In many cases, pretending to be someone else online is illegal. This is true in California when someone does so with the intent to defraud, harm, intimidate or threat.
So, here is a look at some examples where impersonation could lead to someone getting in legal trouble.
Pretending to be a relative to get money
Suppose Bob gets an email that purports to be from his cousin, Mary. Mary claims to have gone on a trip, had her wallet stolen and needs Bob to wire her $1,000 so she can get back home. When it is someone else pretending to be Mary with the intent of getting money from Bob under these false premises, this is illegal.
Pretending to be someone in order to threaten
Say that Jane has a challenging relationship with her ex-husband, James. One day, she gets an email from someone purporting to be James, and it lays out a litany of threats. The emails keep coming, and Jane is scared. She contacts the police and turns over the evidence of harassment and threats.
Pretending to be an official to get information
Jose is a victim of a robbery, with his case pending. The person who committed the crime wants to find out how much Jose saw of him or her, and emails Jose and pretends to be a detective following up with the case.

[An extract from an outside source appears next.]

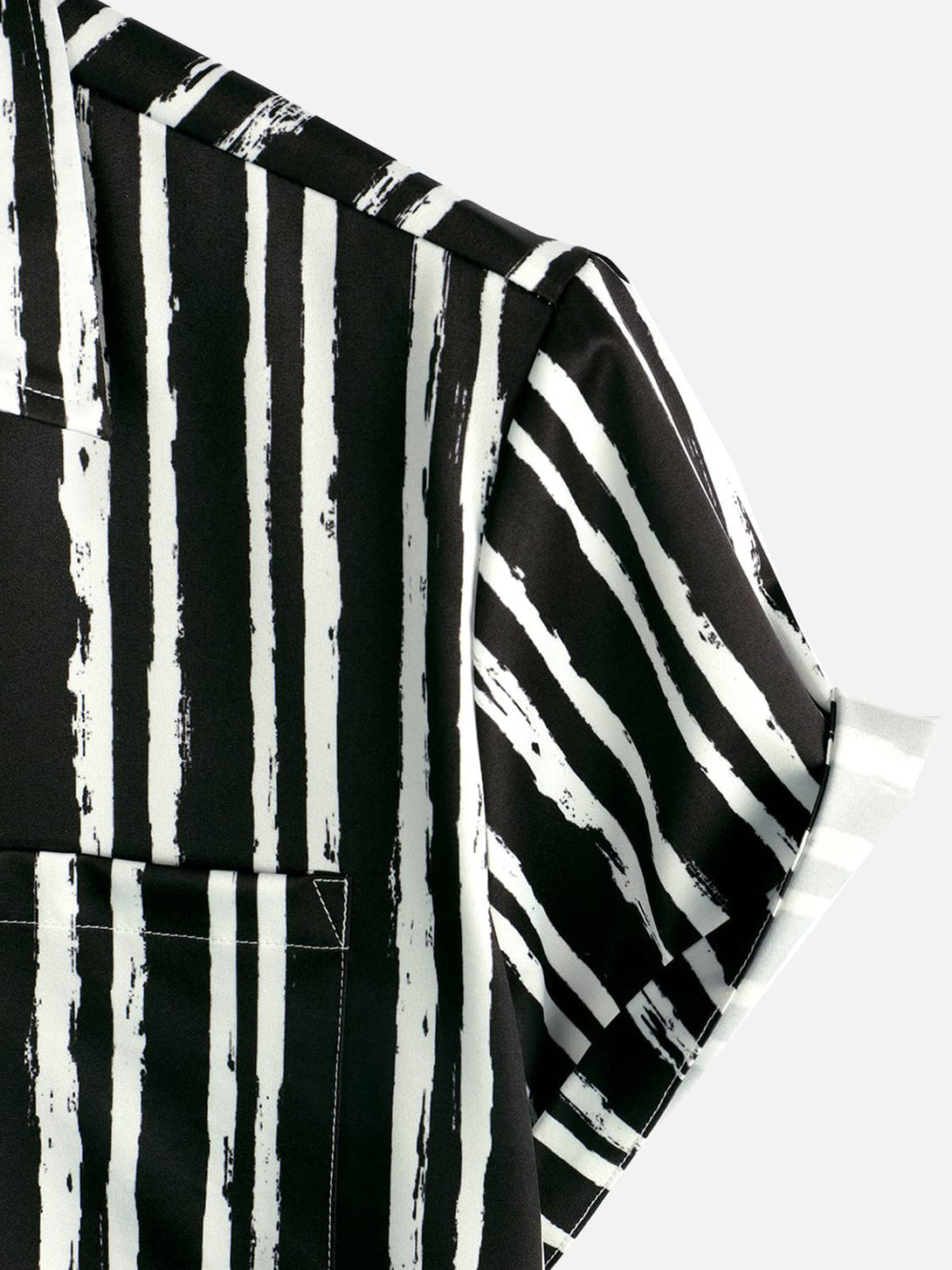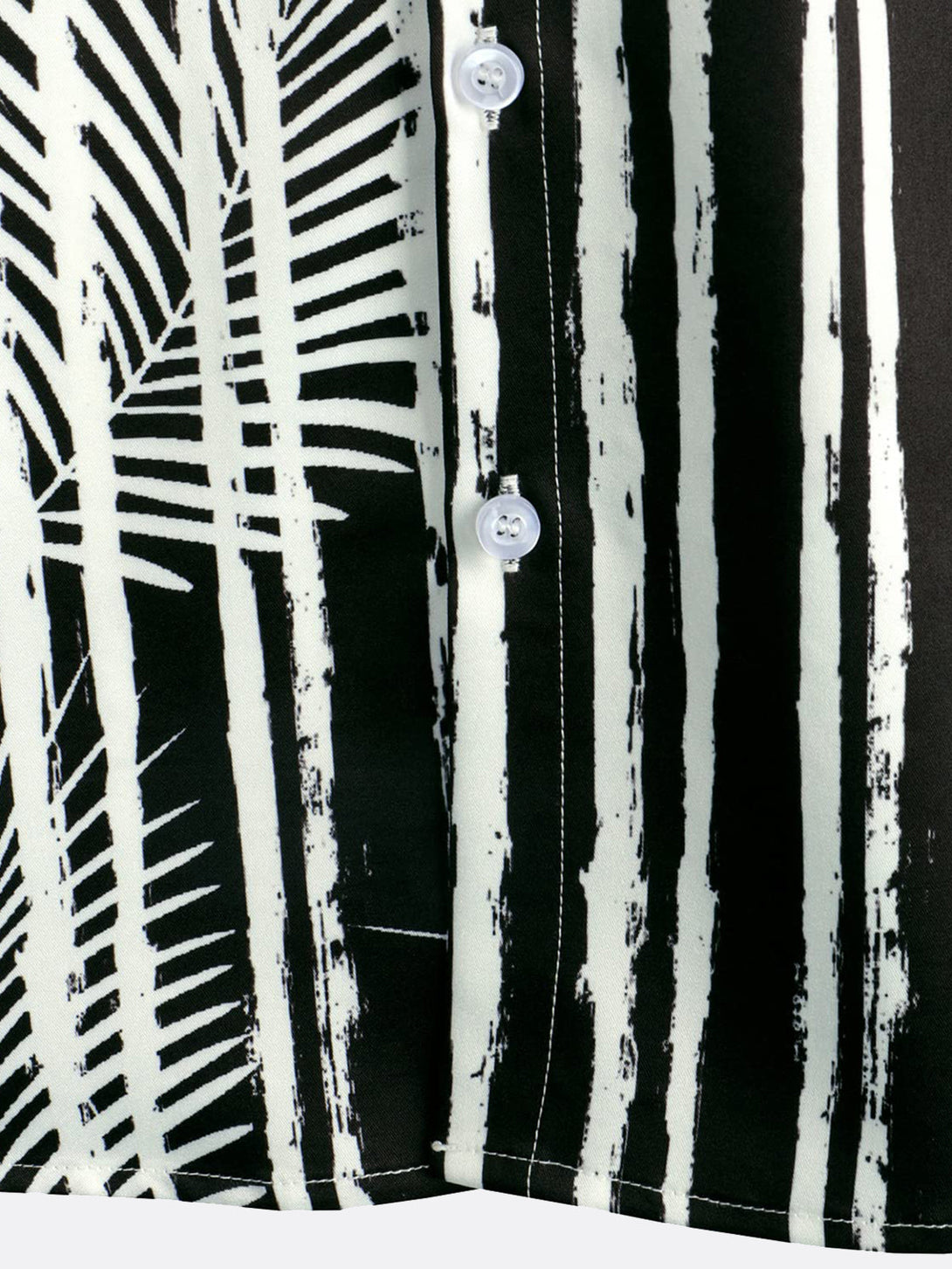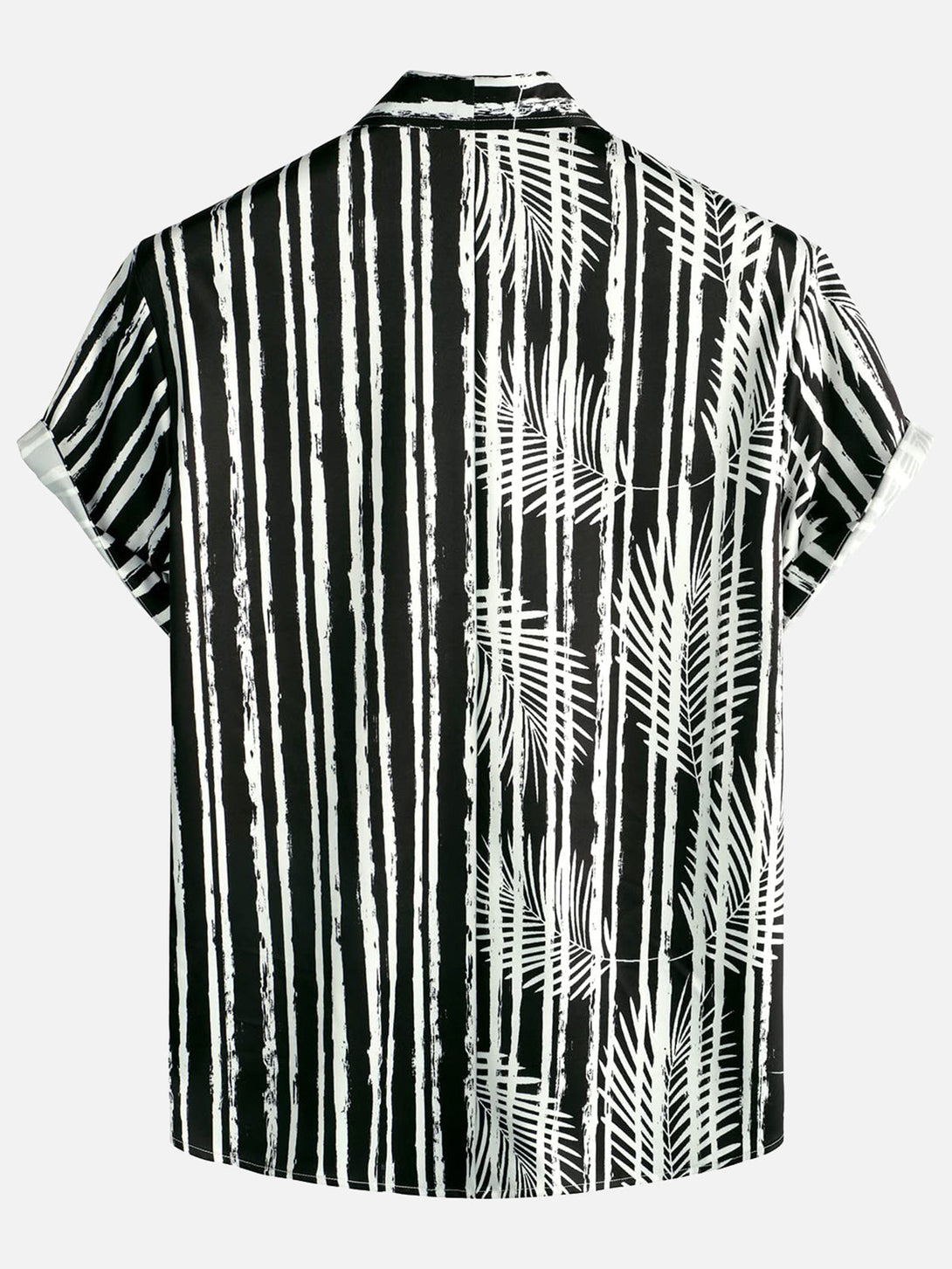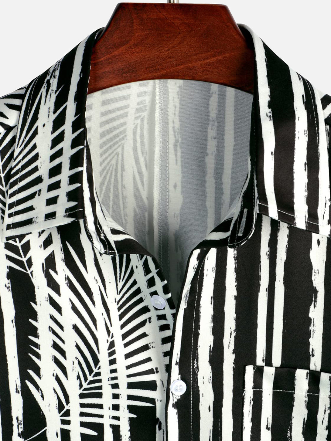 Men's Hawaiian Shirt With Tropical Plant Stripe Print, Pocket, Black, Short Sleeve

The examples above are just three possible scenarios in which online impersonation can occur illegally. That type of activity can be bad enough in itself, but what happens sometimes is that people end up falsely accused. For example, take the real James in scenario two. He may find it difficult to prove he did not send these emails and would need the help of an attorney. Similarly, someone could get accused of impersonating someone else’s relative and have no idea what is going on. Someone could have hacked into computer and bank accounts.
Thus, some impersonation cases have many layers and can be complex to unravel.